Many ask whether there is “a one size fits all” or “what’s the best thing to do” for health, fitness and fat loss. Both traditional cardio and metabolic resistance training have their unique and different benefits, but the question is how they are different and which one is better?

Traditional Cardio

Exercises that fall under traditional cardio include running continuously at low intensity for a long duration. This form of exercise burns a lot of calories and is in the fat burning zone. So, it sounds great when you put it that way. But, there is a lot more to achieving optimal health than just weight loss.

The Danger Of Long Slog Cardio

Most people believe that the key to losing fat and getting in-shape is to spend lots of time doing long slow cardio sessions. If you don’t get a sweat then it is not a good workout! Thankfully this philosophy has evolved from the calorie counting and the more calories you burn the more weight you lose concept.

I will let you in on a secret – CALORIE COUNTING DOES  NOT WORK.  The reason is hormone related. Apart from elevated cortisol (stress hormone) which suppresses anabolic hormones like testosterone that produce muscle, research has found that people who performed long slow cardio suffered from decreased T3 hormone production. T3 is the hormone produced by your thyroid to burn fat. When you do cardio, your body reacts to the stress by suppressing this fat burning hormone. This means your body starts gaining fat straight away, for the body needs the fat in order to function.

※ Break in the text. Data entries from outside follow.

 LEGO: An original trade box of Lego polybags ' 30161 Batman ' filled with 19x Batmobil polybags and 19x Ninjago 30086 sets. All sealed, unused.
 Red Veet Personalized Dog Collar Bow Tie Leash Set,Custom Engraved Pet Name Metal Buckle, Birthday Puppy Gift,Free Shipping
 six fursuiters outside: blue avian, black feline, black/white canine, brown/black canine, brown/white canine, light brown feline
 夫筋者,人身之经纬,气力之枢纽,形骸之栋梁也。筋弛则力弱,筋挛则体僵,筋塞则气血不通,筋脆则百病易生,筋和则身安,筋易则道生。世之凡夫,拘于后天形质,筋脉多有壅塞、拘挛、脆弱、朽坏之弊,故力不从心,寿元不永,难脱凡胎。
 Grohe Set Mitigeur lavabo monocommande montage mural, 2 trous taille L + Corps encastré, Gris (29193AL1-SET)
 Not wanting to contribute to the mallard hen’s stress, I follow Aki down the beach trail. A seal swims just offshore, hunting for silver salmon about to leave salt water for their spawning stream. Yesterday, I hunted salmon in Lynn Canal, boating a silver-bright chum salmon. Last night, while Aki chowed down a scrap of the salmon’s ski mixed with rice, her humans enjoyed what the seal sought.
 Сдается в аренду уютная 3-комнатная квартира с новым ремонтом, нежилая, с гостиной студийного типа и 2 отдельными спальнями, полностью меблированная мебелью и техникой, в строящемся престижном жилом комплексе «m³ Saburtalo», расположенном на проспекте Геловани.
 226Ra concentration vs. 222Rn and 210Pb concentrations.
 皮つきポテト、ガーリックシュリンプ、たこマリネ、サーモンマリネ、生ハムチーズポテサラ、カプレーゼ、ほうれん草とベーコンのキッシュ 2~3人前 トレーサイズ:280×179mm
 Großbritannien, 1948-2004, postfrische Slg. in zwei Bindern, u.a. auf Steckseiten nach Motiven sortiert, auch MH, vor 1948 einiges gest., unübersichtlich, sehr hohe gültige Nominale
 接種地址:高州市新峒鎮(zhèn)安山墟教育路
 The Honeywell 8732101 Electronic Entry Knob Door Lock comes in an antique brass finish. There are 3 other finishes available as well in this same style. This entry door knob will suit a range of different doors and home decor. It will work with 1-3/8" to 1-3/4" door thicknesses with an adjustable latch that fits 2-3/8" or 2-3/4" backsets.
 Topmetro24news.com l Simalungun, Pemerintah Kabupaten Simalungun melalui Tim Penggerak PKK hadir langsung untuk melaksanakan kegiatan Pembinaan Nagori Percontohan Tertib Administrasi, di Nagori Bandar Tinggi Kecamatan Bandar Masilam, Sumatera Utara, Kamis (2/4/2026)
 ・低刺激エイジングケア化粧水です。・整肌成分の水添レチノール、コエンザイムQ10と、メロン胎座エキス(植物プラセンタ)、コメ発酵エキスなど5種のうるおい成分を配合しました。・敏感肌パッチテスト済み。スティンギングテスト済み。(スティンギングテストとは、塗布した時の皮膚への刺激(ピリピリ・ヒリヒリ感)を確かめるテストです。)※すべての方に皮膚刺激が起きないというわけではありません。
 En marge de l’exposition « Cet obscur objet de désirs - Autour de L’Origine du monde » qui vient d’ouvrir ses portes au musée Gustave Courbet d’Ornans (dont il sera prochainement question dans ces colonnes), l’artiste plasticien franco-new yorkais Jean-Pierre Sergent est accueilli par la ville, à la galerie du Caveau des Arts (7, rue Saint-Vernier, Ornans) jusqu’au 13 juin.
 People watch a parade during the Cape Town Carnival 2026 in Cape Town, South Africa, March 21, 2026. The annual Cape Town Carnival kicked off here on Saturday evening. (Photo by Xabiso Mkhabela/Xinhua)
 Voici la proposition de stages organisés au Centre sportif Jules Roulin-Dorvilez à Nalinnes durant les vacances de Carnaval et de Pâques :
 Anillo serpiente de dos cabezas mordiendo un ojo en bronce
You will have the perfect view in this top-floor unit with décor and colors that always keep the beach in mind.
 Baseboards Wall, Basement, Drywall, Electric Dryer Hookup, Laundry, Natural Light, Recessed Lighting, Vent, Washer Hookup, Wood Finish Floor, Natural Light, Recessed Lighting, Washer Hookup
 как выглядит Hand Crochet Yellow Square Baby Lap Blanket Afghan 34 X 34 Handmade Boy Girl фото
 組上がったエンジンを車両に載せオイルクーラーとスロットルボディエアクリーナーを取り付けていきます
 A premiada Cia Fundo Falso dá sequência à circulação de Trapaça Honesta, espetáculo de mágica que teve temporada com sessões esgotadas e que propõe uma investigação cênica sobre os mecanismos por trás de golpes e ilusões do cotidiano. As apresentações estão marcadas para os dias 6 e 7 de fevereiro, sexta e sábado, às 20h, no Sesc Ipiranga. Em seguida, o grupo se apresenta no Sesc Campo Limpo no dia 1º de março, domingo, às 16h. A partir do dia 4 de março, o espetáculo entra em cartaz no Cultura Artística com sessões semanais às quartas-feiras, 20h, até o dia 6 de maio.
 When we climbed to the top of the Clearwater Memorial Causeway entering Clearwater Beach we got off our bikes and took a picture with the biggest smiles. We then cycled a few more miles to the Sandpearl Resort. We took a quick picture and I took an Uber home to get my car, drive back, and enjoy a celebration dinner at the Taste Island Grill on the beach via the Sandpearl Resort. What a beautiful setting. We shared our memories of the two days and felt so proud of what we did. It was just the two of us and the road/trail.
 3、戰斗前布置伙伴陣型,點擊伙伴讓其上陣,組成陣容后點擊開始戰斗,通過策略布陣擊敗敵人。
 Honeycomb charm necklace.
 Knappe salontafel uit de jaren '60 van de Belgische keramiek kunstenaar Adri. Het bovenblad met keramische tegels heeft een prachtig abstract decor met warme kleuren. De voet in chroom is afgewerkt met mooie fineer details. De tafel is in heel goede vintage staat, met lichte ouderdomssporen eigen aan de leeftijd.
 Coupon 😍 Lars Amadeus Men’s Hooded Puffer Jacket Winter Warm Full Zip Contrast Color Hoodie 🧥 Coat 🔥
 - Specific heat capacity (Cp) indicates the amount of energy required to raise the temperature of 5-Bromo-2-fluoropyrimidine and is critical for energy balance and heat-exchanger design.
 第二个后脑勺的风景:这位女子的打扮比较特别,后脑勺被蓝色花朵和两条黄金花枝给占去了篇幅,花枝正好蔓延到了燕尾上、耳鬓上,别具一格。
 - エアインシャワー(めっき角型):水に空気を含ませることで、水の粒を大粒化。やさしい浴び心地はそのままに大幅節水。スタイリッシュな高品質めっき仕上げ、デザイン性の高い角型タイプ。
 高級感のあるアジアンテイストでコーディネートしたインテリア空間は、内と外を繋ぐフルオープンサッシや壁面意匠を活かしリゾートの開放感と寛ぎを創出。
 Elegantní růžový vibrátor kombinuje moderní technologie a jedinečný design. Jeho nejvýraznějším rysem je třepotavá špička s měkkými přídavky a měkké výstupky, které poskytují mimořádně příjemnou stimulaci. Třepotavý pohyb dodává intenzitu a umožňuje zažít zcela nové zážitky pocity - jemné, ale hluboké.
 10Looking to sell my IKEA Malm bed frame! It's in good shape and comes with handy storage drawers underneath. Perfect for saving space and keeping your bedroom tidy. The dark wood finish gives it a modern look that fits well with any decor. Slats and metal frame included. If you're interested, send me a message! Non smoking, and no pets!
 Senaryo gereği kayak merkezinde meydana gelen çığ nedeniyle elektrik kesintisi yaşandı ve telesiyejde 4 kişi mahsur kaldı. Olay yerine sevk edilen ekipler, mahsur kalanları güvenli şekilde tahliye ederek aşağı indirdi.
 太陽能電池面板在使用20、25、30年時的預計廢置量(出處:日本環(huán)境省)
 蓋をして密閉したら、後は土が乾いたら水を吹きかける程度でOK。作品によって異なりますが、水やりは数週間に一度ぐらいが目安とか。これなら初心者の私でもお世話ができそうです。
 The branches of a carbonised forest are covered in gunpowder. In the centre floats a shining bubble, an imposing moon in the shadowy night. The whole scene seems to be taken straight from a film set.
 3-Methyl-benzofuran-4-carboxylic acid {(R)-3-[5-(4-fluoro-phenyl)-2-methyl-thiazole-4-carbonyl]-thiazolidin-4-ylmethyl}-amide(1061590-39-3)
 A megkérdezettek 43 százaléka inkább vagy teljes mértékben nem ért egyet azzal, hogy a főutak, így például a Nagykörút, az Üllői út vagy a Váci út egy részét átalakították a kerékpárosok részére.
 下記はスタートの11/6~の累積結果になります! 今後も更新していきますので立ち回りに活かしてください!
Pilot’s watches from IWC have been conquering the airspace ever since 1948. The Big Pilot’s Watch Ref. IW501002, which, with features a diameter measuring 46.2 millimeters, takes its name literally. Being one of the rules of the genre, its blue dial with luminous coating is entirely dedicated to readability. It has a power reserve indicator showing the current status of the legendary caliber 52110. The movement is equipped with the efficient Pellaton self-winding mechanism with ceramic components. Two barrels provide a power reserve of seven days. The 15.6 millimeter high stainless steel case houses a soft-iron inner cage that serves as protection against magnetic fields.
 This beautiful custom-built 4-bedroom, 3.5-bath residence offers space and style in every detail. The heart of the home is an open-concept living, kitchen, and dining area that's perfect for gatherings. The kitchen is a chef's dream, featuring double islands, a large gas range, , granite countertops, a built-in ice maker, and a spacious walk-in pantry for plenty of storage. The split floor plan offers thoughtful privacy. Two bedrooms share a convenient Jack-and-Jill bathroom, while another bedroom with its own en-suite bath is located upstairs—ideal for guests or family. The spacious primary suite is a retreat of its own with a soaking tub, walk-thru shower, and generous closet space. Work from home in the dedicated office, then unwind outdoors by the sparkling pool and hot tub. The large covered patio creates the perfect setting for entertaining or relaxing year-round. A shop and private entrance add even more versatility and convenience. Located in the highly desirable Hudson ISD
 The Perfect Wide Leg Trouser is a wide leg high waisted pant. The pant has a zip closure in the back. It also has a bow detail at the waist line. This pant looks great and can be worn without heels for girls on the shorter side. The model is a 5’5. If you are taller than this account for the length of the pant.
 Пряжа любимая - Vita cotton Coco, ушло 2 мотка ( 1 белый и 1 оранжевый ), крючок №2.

Plus, this type of training, at this intensity, won’t speed up your metabolism. Why? Well, your body is unable to add muscle, which is the single biggest factor in speeding up metabolic rate. And apart from the metabolic downsides of cardio, loss of muscle occurs. These muscles are typically needed in daily activities, occupations and sports so they need to be maintained and improved. The one benefit this training does provide is the cardiorespiratory health. But I would still prefer INTERVAL TRAINING to long slow cardio for the benefits are significantly greater and it takes much less time.

Now let’s compare traditional cardio exercises to metabolic resistance training.

Metabolic Resistance Training

Metabolic resistance training covers all muscle groups and necessary movement patterns. Plus, it has the great benefit of speeding up your metabolism. Putting on more muscle will speed up your metabolism faster than any other method. Therefore, the body transports fat and other nutrients around the body better than a slower metabolism.

Sure, metabolic resistance training doesn’t burn as many calories throughout the workout. However, it will allow you to burn more calories when you rest. Speeding up your metabolism allows the body to burn more calories at rest, and throughout the next 24-hours. Generally, if you can get in a 1-hour training session, you’ll burn more calories over the next 23-hours of your day. In terms of general health, metabolic resistance training also improves your strength, stability and mobility. Of course, you need to exercise correctly to get these results. However, you may not achieve the desired cardio respiratory benefits as effectively. Therefore, supplementing with interval training is a good idea.

Which One is Better Cardio or Resistance Training?

Metabolic resistance training speeds up your metabolism. Also, it burns fat more efficiently and achieves more significant health benefits. But, your health needs consideration first. As such, developing your strength is a priority. Fitness needs consideration after health.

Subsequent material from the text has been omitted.